Task prompt> Print nothing except the lines of the listing below from the line with "上图是南国置业,今天它的情况" to the line with "Cartão Postal Linda", each exactly as written, both ends included.

START Records for the task

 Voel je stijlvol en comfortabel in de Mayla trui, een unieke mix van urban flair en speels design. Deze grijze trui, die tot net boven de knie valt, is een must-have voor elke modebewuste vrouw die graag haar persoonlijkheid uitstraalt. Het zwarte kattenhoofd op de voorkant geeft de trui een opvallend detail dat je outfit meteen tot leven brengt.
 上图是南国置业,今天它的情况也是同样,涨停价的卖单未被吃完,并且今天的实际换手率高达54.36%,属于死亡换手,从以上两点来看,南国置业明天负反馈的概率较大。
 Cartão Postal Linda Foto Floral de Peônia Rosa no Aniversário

END Records for the task
START Records for the task

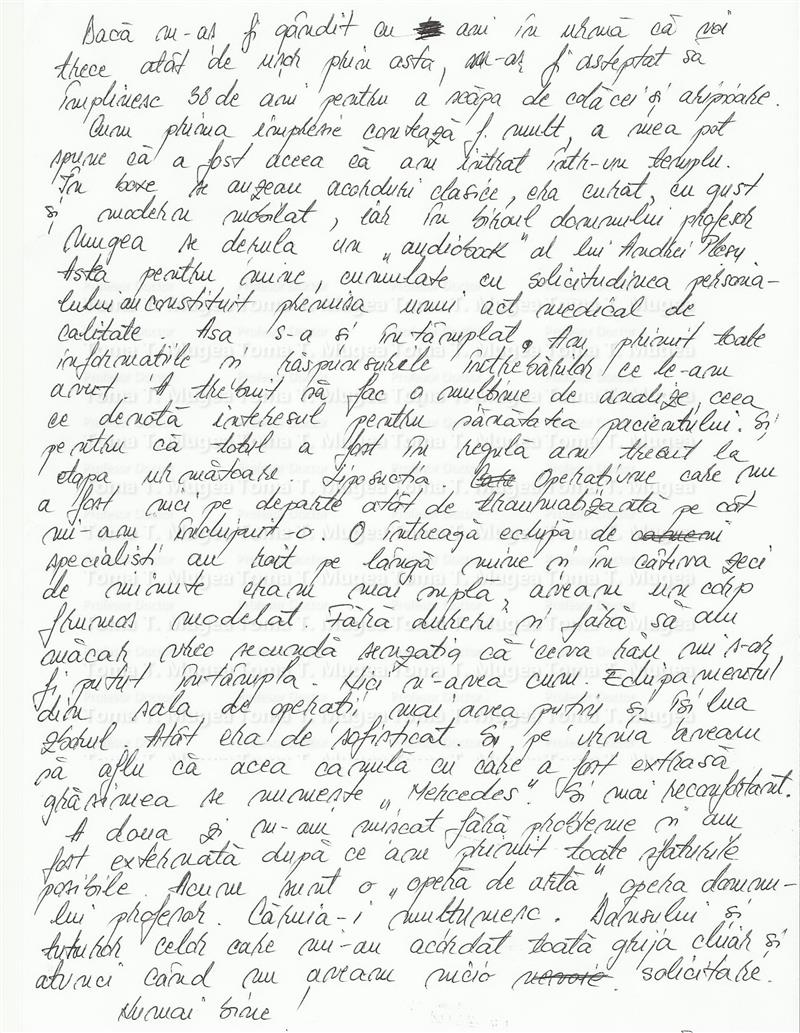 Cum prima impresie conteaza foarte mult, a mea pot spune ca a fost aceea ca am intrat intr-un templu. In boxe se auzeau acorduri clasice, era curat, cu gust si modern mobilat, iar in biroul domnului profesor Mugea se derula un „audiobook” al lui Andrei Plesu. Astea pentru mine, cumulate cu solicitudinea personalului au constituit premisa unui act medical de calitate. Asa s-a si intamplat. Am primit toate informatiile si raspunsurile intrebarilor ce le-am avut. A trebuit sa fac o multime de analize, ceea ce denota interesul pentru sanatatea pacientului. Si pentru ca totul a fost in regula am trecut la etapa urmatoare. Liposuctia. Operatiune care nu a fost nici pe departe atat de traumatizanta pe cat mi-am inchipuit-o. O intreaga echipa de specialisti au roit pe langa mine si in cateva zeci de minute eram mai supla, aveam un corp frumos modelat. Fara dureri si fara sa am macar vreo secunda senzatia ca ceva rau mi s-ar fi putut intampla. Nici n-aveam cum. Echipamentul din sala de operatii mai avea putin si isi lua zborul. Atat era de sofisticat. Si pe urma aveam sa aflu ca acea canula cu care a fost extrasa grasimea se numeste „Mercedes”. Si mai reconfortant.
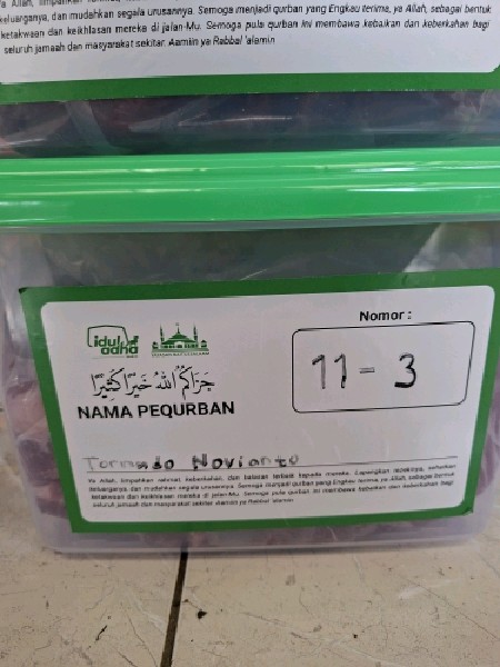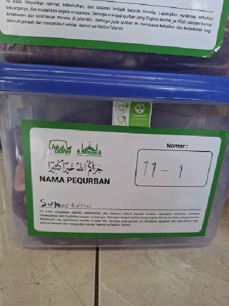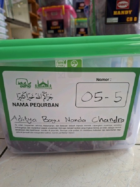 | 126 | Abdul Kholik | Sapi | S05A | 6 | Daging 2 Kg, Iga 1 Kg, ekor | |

END Records for the task

Response box>
 上图是南国置业,今天它的情况也是同样,涨停价的卖单未被吃完,并且今天的实际换手率高达54.36%,属于死亡换手,从以上两点来看,南国置业明天负反馈的概率较大。
 Cartão Postal Linda Foto Floral de Peônia Rosa no Aniversário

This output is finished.